## AVAILABLE DATA
====================

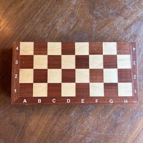 Schackbord i trä med integrerat schackbräde på bordsskivan. Bordet har en nedre hylla för förvaring. Schackpjäser i två färger ingår och är placerade på brädet. Passar som spelbord i vardagsrum eller allrum.
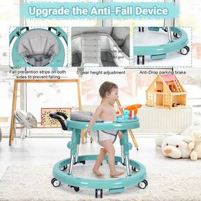 O andador dobrável Baby Walker pode ajudar o bebê a aprender a andar livremente. Liberando as mãos da mãe. Por que escolher nossos caminhantes? 1. Este andador de bebê é feito de plástico PP ecológico e a estrutura é um tubo de alumínio espessado, que tem boa capacidade de carga. 2. Nossos andadores de bebê para meninos e meninas têm 9 modos de ajuste de marcha, incluindo 5 ajustes de marchas para o corpo e 4 ajustes de marchas para o assento. Roda universal grande de 3, 6 × 2 “", multidireção inteligente, para que o bebê possa se mover livremente em 360°. Por favor, observe! Para a segurança de seu bebê, não deixe seu bebê usar este produto sozinho e certifique-se de usá-lo sob os cuidados dos pais. Desejo que seu filho aprenda a andar o mais rápido possível e tenha uma vida feliz! Nota: O andador com roletes não pode se mover sobre o cobertor.
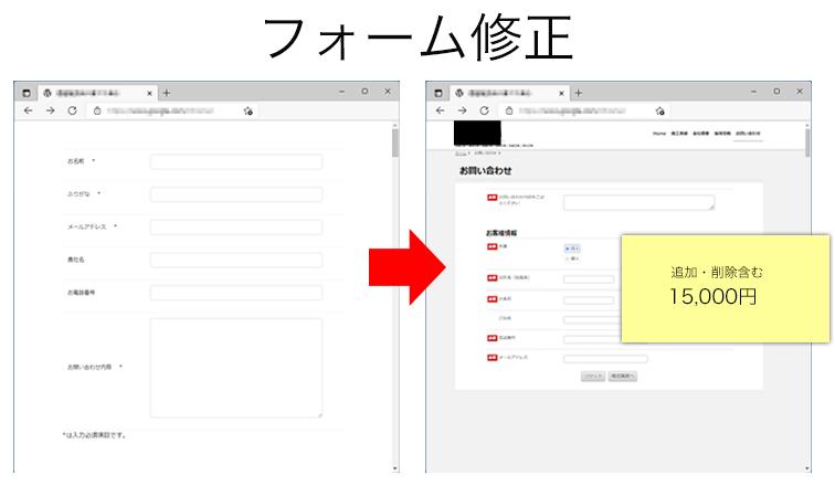 具体的な修正内容をお伝えいただきましたら、お見積りをご連絡させていただきます。

====================

## TASK DESCRIPTION
Please copy exactly the lines from the one that contains "O andador dobrável" through the last line of the listing above, leaving out the pictures.

## RESPONSE AREA
 O andador dobrável Baby Walker pode ajudar o bebê a aprender a andar livremente. Liberando as mãos da mãe. Por que escolher nossos caminhantes? 1. Este andador de bebê é feito de plástico PP ecológico e a estrutura é um tubo de alumínio espessado, que tem boa capacidade de carga. 2. Nossos andadores de bebê para meninos e meninas têm 9 modos de ajuste de marcha, incluindo 5 ajustes de marchas para o corpo e 4 ajustes de marchas para o assento. Roda universal grande de 3, 6 × 2 “", multidireção inteligente, para que o bebê possa se mover livremente em 360°. Por favor, observe! Para a segurança de seu bebê, não deixe seu bebê usar este produto sozinho e certifique-se de usá-lo sob os cuidados dos pais. Desejo que seu filho aprenda a andar o mais rápido possível e tenha uma vida feliz! Nota: O andador com roletes não pode se mover sobre o cobertor.
 具体的な修正内容をお伝えいただきましたら、お見積りをご連絡させていただきます。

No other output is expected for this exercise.